[Given information]

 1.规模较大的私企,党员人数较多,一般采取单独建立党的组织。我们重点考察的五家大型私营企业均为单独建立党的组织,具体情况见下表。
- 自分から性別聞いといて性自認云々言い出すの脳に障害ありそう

[/Given information]
[Given information]

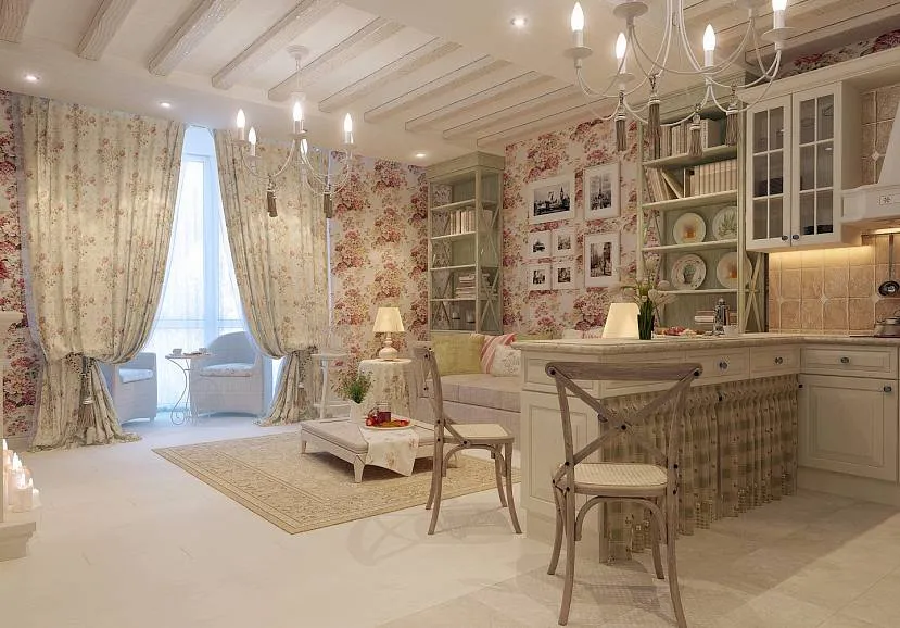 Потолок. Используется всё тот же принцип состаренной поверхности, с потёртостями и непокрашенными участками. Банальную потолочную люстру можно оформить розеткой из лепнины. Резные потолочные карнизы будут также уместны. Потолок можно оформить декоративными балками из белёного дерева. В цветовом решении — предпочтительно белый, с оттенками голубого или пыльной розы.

[/Given information]
[Given information]

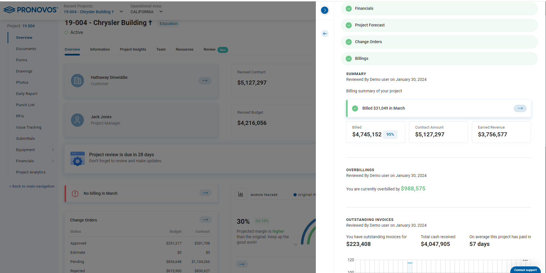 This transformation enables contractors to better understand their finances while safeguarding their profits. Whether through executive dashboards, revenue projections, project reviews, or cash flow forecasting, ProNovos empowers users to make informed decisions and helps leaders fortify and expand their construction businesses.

[/Given information]

Work request = All that should be written out is the stretch of lines above between the one holding "1.规模较大的私企,党员人数" and the one holding "- 自分から性別聞いといて性自認云々言い出すの脳に障害ありそう", inclusive, exactly as given.

Written response =
 1.规模较大的私企,党员人数较多,一般采取单独建立党的组织。我们重点考察的五家大型私营企业均为单独建立党的组织,具体情况见下表。
- 自分から性別聞いといて性自認云々言い出すの脳に障害ありそう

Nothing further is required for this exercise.